Small gestures matter and whether it’s a festive treat, a holiday gift or going for lunch with the team, for many business owners, the concern is always tax – how do you give perks without triggering extra tax or admin work? That’s where “trivial benefits” come in.
“Trivial benefits” are small, non-cash perks you can give to employees (including directors) that may be completely tax-free if they meet certain criteria.
Tom has prepared the below video which explains the rules nicely but if you want to see it in black and white, HMRC’s guidance can also be found below.
If you’re not already maximising your trivial benefits quota each year and want to know more, please get in touch through our contact form.

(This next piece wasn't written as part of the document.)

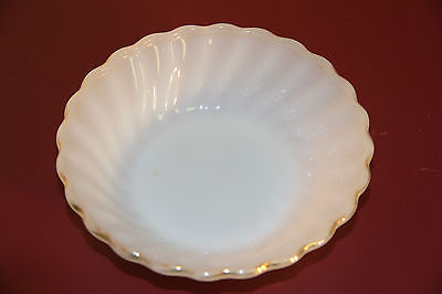 3 Vintage Fire King soup bowls - Anchor Hocking - white milk glass gold trim
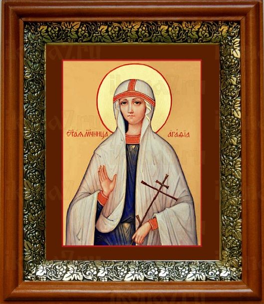 Икона Агафия Панормская в киоте с басмой Виноградная Лоза (UV-печать)(33002)

HMRC – Tax on trivial benefits
You don’t have to pay tax on a benefit for your employee if all of the following apply:
- it cost you £50 or less to provide
- it isn’t cash or a cash voucher
- it isn’t a reward for their work or performance
- it isn’t in the terms of their contract
This is known as a ‘trivial benefit’. You don’t need to pay tax or National Insurance or let HM Revenue and Customs (HMRC) know.

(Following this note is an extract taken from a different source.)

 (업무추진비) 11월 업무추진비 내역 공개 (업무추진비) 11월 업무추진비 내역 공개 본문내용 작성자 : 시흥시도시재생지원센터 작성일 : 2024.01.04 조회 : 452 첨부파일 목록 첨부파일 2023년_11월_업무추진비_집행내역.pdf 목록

You have to pay tax on any benefits that don’t meet all these criteria.
If you’re not sure whether a benefit counts as a trivial benefit call the employer helpline.
Salary sacrifice arrangements
If you provide trivial benefits as part of a salary sacrifice arrangement they won’t be exempt. You’ll need to report on form P11D whichever amount is higher:
• the salary given up
• how much you paid for the trivial benefits
These rules don’t apply to arrangements made before 6 April 2017 – check when the rules will change.
Directors of ‘close’ companies
You can’t receive trivial benefits worth more than £300 in a tax year if you’re the director of a ‘close’ company.
A close company is a limited company that’s run by 5 or fewer shareholders.